While in my heart of hearts I still feel that the model being used doesn't well fit with IRC, I wouldn't mind trialing this as a compromise - it would likely fix outright the issue we had with triggering the uni IDS, and it would probably reduce the issues with out of order messages and joins.

I think that while we'll just have to agree to disagree on the philosophy of UX on IRC, I think a longer timeout might be a pragmatic fix for the symptoms we're seeing.

aaronpk commented 8 years ago

I forgot that I already added that timeout as a config option. Try increasing it in your config.json. https://github.com/aaronpk/Slack-IRC-Gateway/blob/master/config.example.json#L7

I definitely do not want to change the fundamental model of how this gateway works to make it use a single IRC user. There are already other Slack bridges that do it that way, and I couldn't find one that connected to IRC as individual users, which is why I wrote this in the first place.
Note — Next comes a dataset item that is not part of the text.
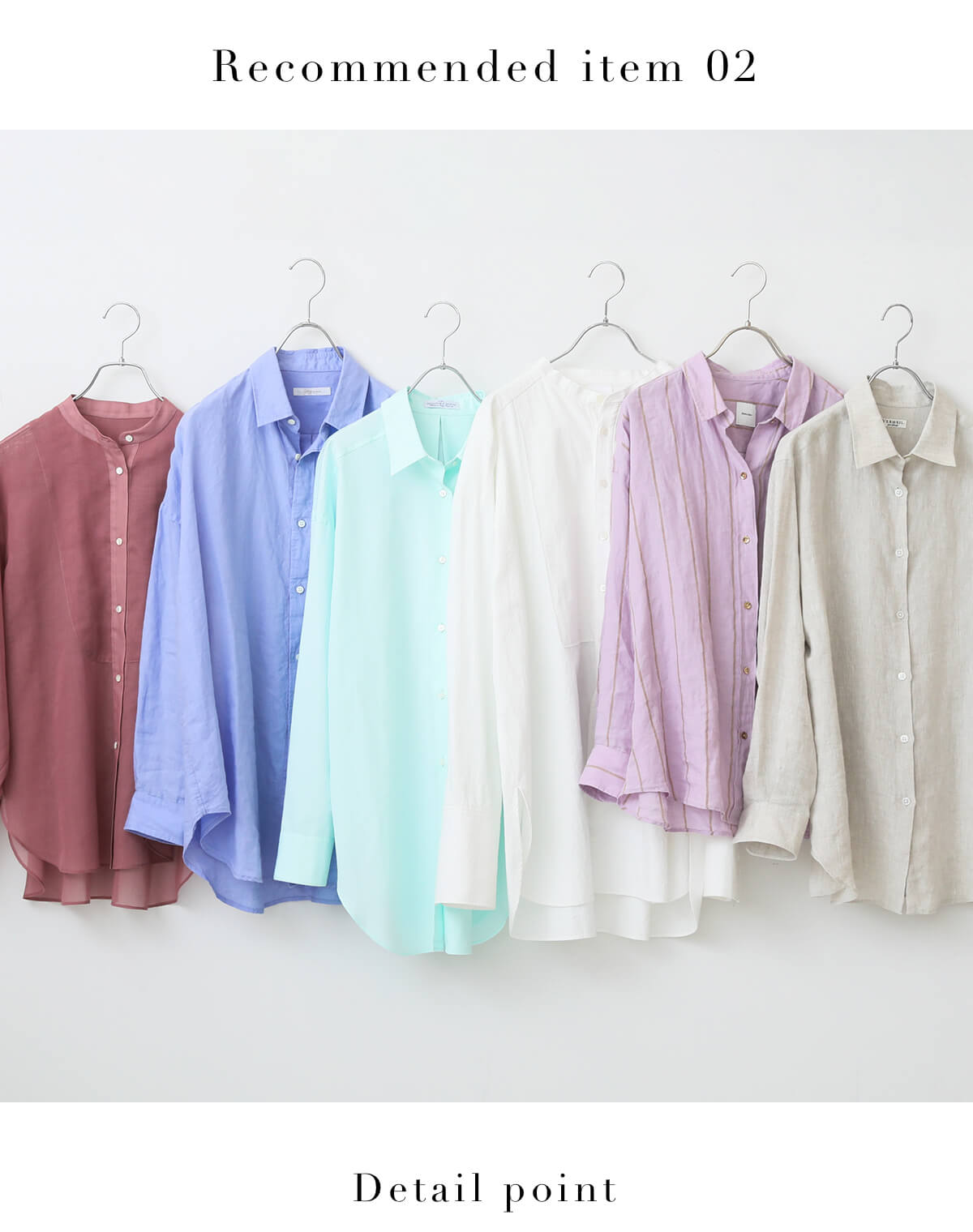 ブルー系からくすみグレー、ラベンダーなど上品な色味がラインナップ。リラックス感とクラス感の両方が手に入るカラーとデザインが嬉しい。オックスフォードやリネンなど、素材によっても印象が異なるので要チェック。特にシアー素材のローズピンクのシャツはトレンド感もありサマーさんにおすすめの1着です! - JOURNAL STANDARD relumeソフトオーガンジーシアーシャツ◆¥11,000(税込)
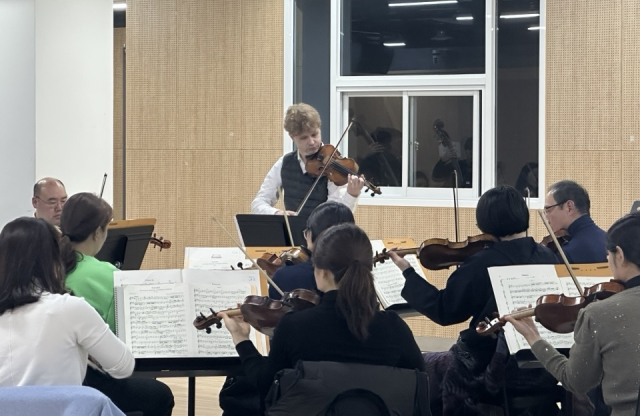 플로린 일리에스쿠(정면 가운데)가 '2025 부산문화회관 챔버 페스티벌-부산체임버오케스트라 with Florin Iliescu' 연주를 앞두고 지난 2일 금정문화재단 연습실에서 리허설을 하고 있다. 김은영 기자 key66@

aaronpk commented 7 years ago

Thanks again for the report, but I'm going to close this as wontfix. We've continued to use the gateway over the past year and have not encountered these long delays, and it has continued to be a useful tool. I'm standing by the design decision of one IRC connection per Slack user, since it provides the best experience on the IRC side, often IRC users don't even realize Slack users aren't actually on IRC. I've continued to make some additional unrelated improvements: handling image uploads, converting slack emoji to native emoji and adding support for multiple channels.

AbstractBeliefs commented 7 years ago

I don't necessarily agree, but thank you for considering and bringing a conclusion to this issue.

Congrats on the new features and keep up the good work.